As I prepared to head to this week’s J.P. Morgan’s Annual Healthcare Conference in San Francisco, I came across an article written by Lauren Migliore, Equity Analyst at Morningstar, titled “Strengthening Moats Mean Improving Returns For CRO Investors.”  In the piece, she covers public companies and by definition, very large CROs. While I believe she is spot on in her commentary the dynamics she describes also bode very well for mid-tier and strategic CROs with a solid differentiation and a strong global footprint, like Clinipace Worldwide.

Here’s why. Strategic partnerships, as she describes, are almost exclusively a sport for the biggest of specialized CRO and pharma companies. For these partnerships to exist, a company must have a portfolio of products, or at least multiple large-scale projects that can be packaged into a discounted bundle (note: Lauren predicts increased margins from these deals…however, in my experience, margins are typically decreased…time will tell).

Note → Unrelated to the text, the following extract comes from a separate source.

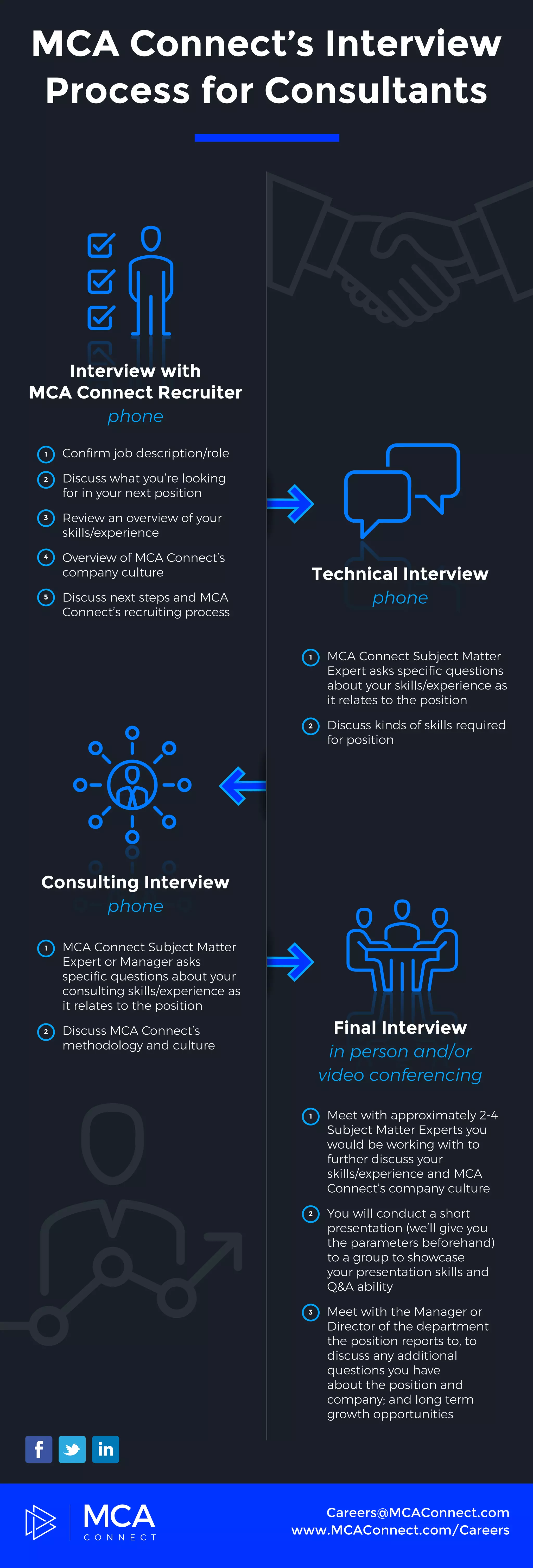MCA Connect's interview process for consultants involves confirming the job role, assessing skills and experience, and discussing company culture. It includes various interview stages with recruiters and subject matter experts, as well as a presentation to demonstrate skills. The process culminates in a manager or director meeting to address further questions and explore growth opportunities.

Small and mid-sized pharma and biotech companies rarely have a portfolio that can be packaged in a way that single sourcing to one strategic CRO partner makes sense. Doing so is too risky for these companies. In the land of big pharma, the big CROs battle it out for these deals. Smaller CROs are not usually in the battle anyway…so essentially the market share up for grabs in these deals is just that which exists in the big pharma sector.  As the big CROs land more of this business, they become bigger themselves and increasingly become less competitive in the mid-market because they become less attractive to it.

Smaller pharma companies may feel like the big CROs do not give them the kind of attention they give their strategic partner clients. If a company has to hire 700 people, like Icon just did to support Pfizer, how much attention is a small client with one study going to get? A CRO is simply not going to focus on a $4M project the same way it focuses on a $250M partnership. So, the more of these deals big CROs can do, the better for smaller CROs down market, because in a sense these deals bind up the machinery of larger CROs to effectively work down market.

There is yet one more major macro trend that bodes well for smaller CROs. It’s what I call outsourced innovation. Historically, big pharma outsourced just the D part of R&D…development. The R part, or research part, was the proprietary domain of the pharma company. Discovering and inventing new drugs was supposed to be their core competency, and it was for decades. Today, however, pipelines are not robust in these big firms and innovation is now happening at a faster pace outside the four walls of big pharma.

So where is innovation happening? It is happening at small and mid-sized firms that can move faster and innovate better. Who is funding these firms? In large part, it is big pharma (either through direct investment or licensing deals). So now the R is also being outsourced to these firms.  And it is this segment where Clinipace Worldwide, with its technology-amplified digital CRO model and strong global footprint lives and prospers. And we have strategic partnerships as well. They are just defined differently than they are in the big pharma sector and they come from delivering high quality work on every project.